What to do >> Using only the entries below, output the lines starting at the one containing "小鹏 旗下机器人项目今日发布" and ending at the one containing "IHC检测NAPSIN-A蛋白(货号 GB121012). 样品: 小鼠肺, 4%多聚甲醛", exactly and inclusive of both, omitting the pictures.

Extracted material >>
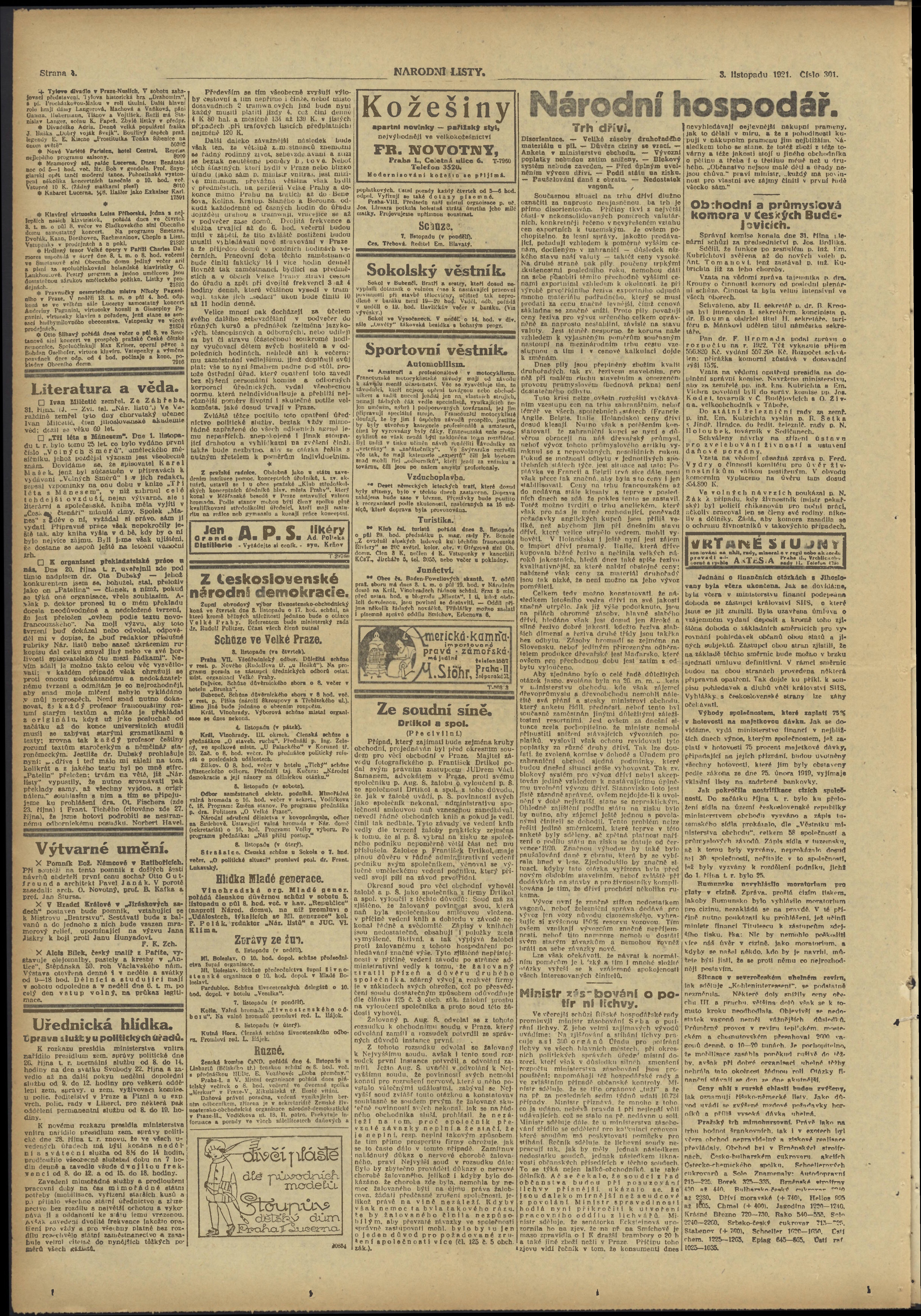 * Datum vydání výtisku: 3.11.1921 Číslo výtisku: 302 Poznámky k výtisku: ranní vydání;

---

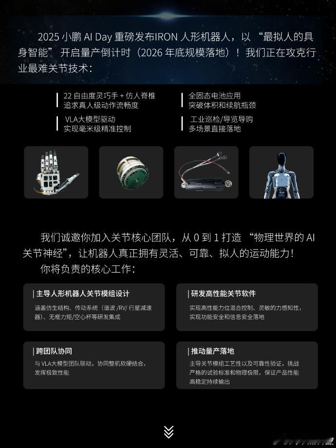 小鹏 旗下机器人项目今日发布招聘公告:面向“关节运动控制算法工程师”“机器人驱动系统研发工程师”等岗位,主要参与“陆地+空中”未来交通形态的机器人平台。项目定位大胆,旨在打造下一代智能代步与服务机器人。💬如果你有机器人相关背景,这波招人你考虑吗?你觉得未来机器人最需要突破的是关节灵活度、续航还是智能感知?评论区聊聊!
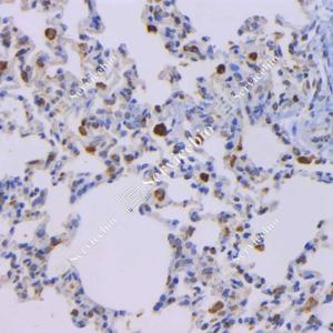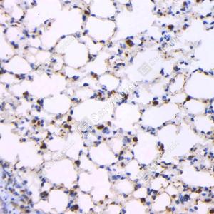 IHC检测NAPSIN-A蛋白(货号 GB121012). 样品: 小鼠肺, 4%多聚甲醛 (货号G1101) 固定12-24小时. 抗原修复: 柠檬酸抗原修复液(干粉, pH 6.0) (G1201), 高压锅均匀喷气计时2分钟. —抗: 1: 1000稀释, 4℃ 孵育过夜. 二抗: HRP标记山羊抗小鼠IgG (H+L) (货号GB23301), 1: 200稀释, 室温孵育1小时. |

Output of the exercise >>
 小鹏 旗下机器人项目今日发布招聘公告:面向“关节运动控制算法工程师”“机器人驱动系统研发工程师”等岗位,主要参与“陆地+空中”未来交通形态的机器人平台。项目定位大胆,旨在打造下一代智能代步与服务机器人。💬如果你有机器人相关背景,这波招人你考虑吗?你觉得未来机器人最需要突破的是关节灵活度、续航还是智能感知?评论区聊聊!
 IHC检测NAPSIN-A蛋白(货号 GB121012). 样品: 小鼠肺, 4%多聚甲醛 (货号G1101) 固定12-24小时. 抗原修复: 柠檬酸抗原修复液(干粉, pH 6.0) (G1201), 高压锅均匀喷气计时2分钟. —抗: 1: 1000稀释, 4℃ 孵育过夜. 二抗: HRP标记山羊抗小鼠IgG (H+L) (货号GB23301), 1: 200稀释, 室温孵育1小时. |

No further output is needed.